We had Ze's GPS track (from the San Gabriel Forum) which showed us where to head toward the mine. We didn't follow the track exactly, going parallel a little higher on the ridge along an old trail. Where we intersected Ze's track was the first site of Gold Dollar ruins. Part of an ore hopper was there and some equipment I couldn't identify. Steel cables ran up and down the mountain from the site. From reading Dima's report, another major ruin site was below. The Garmin GPS had marked the mine higher up than our location. We decided to follow the steel cables up looking for the mine and more ruins. We used the cables in some places to assist our climb. About 300' up, we found a second site of ruins. It had some kind of sorter and mine car rails. The GPS mark for the mine was east of our location and we had to decide whether to head toward the Garmin mark or continue following the cable up. In the end, we decided to follow the cable. It was slow going but we followed it to the origin, anchored to a large dead tree. We didn't find any more ruins along the way. We were left wondering if anyone had found the mine. It is possible the mine itself is east of the steel cables or maybe all the adits have collapsed.
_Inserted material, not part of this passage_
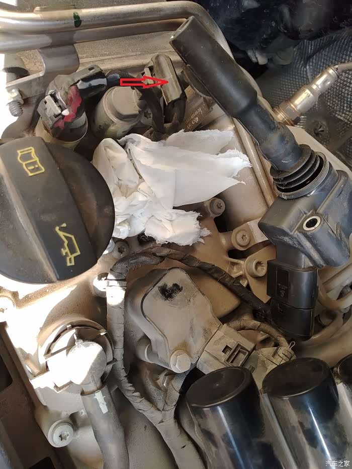 拆下固定螺丝,先轻轻转动一下点火线圈,再往上拔出来,箭头指的是点火线圈,建议换完一个火花塞,在拆下一个,

On the way up to San Antonio Ridge, we got intriguing views of Gunsight Notch and Big Iron. There is a huge vein of white rock running down from Iron that is not fully visible except from below. We took a break to fuel up before tackling Gunsight and the ridge for the second time this year. Henry and I were in agreement that the second part of the notch is the most difficult, even though the exposure is not as great. The rock on the second part seems much more loose. I took a few more photos of the third scrambling section consisting of white rock, sometimes called the Witch's Backbone. While it demands full attention, the ridge didn't seem as scary as the first time I did it. When we topped out on Iron, my stomach wasn't feeling great. I think maybe something in the sub sandwich I bought the day before had gone bad. In any case, I couldn't eat anything but a few cheezits and a butterscotch. Because of the cool weather, I had plenty of water and the descent was uneventful if slow, ending in the dark. We picked up 4 mylar balloons for the day. There may still be some missing pieces to the Gold Dollar Mine story.